Тем временем лодка неслась к Северной Двине, и куда быстрее теплохода. Парень как-то никак не мог прикурить и велел подержать руль. Ощущение руля проходит у тех, кто привык к нему, но когда руль в руках изредка или руль нового транспорта, чувства обостряются. Я вдруг перестал ощущать опасения, какие испытывает пассажир при бесшабашном водителе, я вдруг сам за него стал ответственным.

– Охота, дак посиди, – сказал парень. – Раньше бы сел, я бы хоть дреманул. Знаешь этот анекдот: приходит баба на исповедь, ее спрашивают: грешишь-ли? С пареньками спишь? «Батюшка, разве с ними уснешь?» – Парень вдруг захохотал, причем до слез хохотал и не скоро объяснил причину. – Заколку-то!
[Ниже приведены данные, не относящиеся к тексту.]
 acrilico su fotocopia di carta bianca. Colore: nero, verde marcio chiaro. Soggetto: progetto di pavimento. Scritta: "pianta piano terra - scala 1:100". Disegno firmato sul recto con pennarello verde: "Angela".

У нее ведь, взял. На память. Как знал, пригодилась. Эт-то из жизни! Эт-то не сочинять! Анекдот знаешь, о том, что на том свете, кто сколько раз жене изменил или мужу, столько раз в гробу перевернется. Вот старуха первая умерла, потом старик помер. Приходит на тот свет: где тут моя старуха? А вон, говорят, вентилятором работает. – И парень, показывая на мотор и смеясь, сказал, что хозяйка заколки будет, наверное, вертеться, как эта заколка на сцеплении, когда он ей об этом расскажет.
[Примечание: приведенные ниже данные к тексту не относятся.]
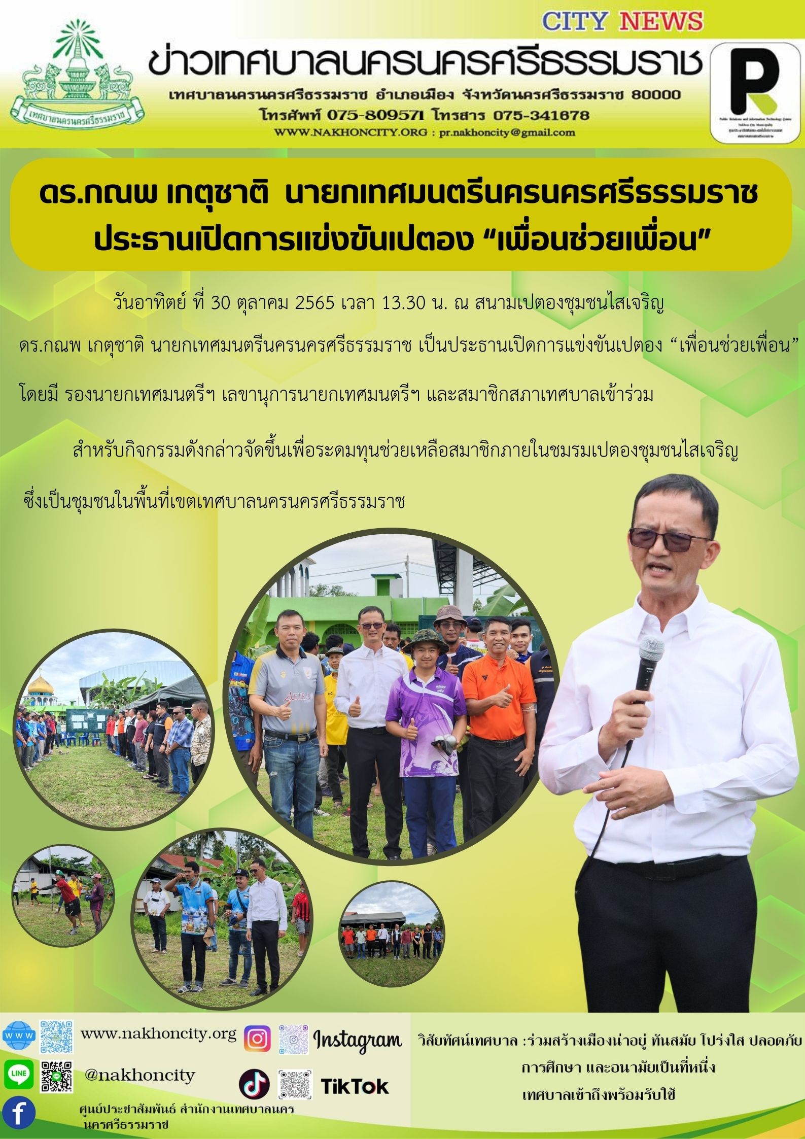 วันอาทิตย์ ที่ 30 ตุลาคม 2565 เวลา 13.30 น. ณ สนามเปตองชุมชนไสเจริญ ดร.กณพ เกตุชาติ นายกเทศมนตรีนครนครศรีธรรมราช เป็นประธานเปิดการแข่งขันกีฬาเปตอง "เพื่อนช่วยเพื่อน" โดยมี รองนายกเทศมนตรีฯ เลขานุการนายกเทศมนตรีฯ และสมาชิกสภาเทศบาลเข้าร่วม สำหรับการจัดการแข่งขันดังกล่าว จัดขึ้นเพื่อระดมทุนช่วยเหลือเพื่อนสมาชิกในชมรมเปตองชุมชนไสเจริญ ซึ่งเป็นชุมชนในเขตเทศบาลนครนครศรีธรรมราช ภาพ//ข่าว : อรชุมา ตรวจทาน : ฐิตินันท์ |

У Коромыслова он ловко пристал боком, я выскочил, он, махнув рукой, развернулся.

* * *

По склону, прижимаемый ветром, распространялся дым. Это не был сладкий запах дыма костра или родной с детства запах топящихся печей, это был запах пожарища. Около ямы, куда я шел вчерашней дорогой, увидел людей. Первый же их вопрос, не из милиции ли я, заставил упасть сердце.

– Нет, а что?

– Теленок сгорел. Да теленок-то что, жалко, конечно, тут…

– Что?

Женщина, заговорившая со мной, отвернулась, а за нее объяснил мужик в телогрейке, надетой на голое тело:

– Ребятишки со вчера пропали, брат и сестра, вот беда. Ты, Сима, не думай, объявятся.

Внизу, в яме, возился чумазый парень. Со страхом я смотрел, как он ворочает большой палкой среди головешек и золы.

– Все! – крикнул он. – До дна перебуровил. – И стал вылезать.

Подавая ему руку, покрывшуюся сразу сажей, я слышал, как мужик утешал женщину, говоря, что не может быть такого, чтоб дети сгорели.

– Г роза же была, ливень, сразу залило, уж если бы что, какой грех, так хоть косточки бы нашли. От теленка же сохранились.

– Пожертвовали теленочка, – говорил парень, шевеля ногой обгоревший череп теленка.

– Может, они теленка искали? – спрашивали женщину.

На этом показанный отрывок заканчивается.